The open ISP solution supports a range of development needs, from low-level-programming ISP capabilities via the open interface to the AutoCDK for users to jumpstart development using the MM Solutions’ tools.

Autonomous vehicles will be required to sense their environments, with smart cameras in front and surround view systems used to detect traffic signs, lanes, pedestrians, vehicles, and other obstacles in real time.

High performance computer vision requires highly reliable, highly configurable ISPs that support high dynamic ranges in challenging driving situations as well as low-noise performance and imagery perception close to that of a human eye’s level – or beyond, explains Renesas. Drivers will want to see a realistic visual representation of the surrounding of the car, where the ISP plays an important role for image adjustment.

In collaboration with MM Solutions, Renesas has developed an open ISP solution that helps users tune and control their sensors to support both human vision and machine vision. Integrating the ISP vision processing software onto the R-Car V3x SoCs provides a camera-neutral approach, offering camera manufacturers and Tier 1s the flexibility to work with ECUs and sensors of choice.

Jean-Francois Chouteau, vice president of the Automotive Solution Business Unit, Renesas Electronics, said: “Developing the software solution as part of the Renesas autonomy platform allows customers to take advantage of robust off-the-shelf middleware as well as privileged access to the image quality expertise of our partner MM Solutions.”

“Turnkey ISP solutions that support multiple platforms are essential to achieving excellent camera quality while meeting increasingly shorter time-to-market challenges for front camera, surround view, and other automotive camera applications,” added Ivan Poibrenski, managing director of MM Solutions.

“Achieving high dynamic range and LED flicker mitigation simultaneously is the key challenge for ADAS camera systems,” said Tsutomu Haruta, deputy senior general manager, Sony Semiconductor Solutions. “The combination of Renesas’ ISP solution and Sony’s image sensors enables our automotive customers to . . . realise a superior image quality.”

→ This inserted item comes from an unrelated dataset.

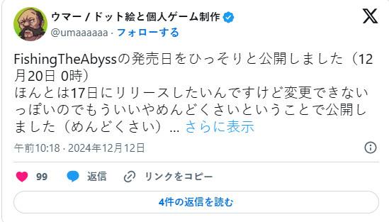 据悉,Steam版《深渊钓鱼》是在免费版itch.io的基础上进行升级而来的。Umar表示,Steam版允许玩家对窗口高度进行一定的调整,并且与免费版相比发生了很大的变化,尽管他没有透露具体的细节。他强调说,已经玩过免费版的玩家在购买Steam版时不会觉得浪费金钱。

Mass production of the Renesas R-Car V3M and R-Car V3H SoCs is scheduled to begin Q2 2019 and Q3 2019, respectively. The AutoCDK from MM Solutions will be available in November 2018.

 Renesas will demonstrate the Open ISP using the Renesas R-Car V3M, MM Solutions’ AutoCDK, and Sony’s IMX390 image sensor in booth 6 at AutoSens 2018, September 17-20, 2018, Brussels, Belgium.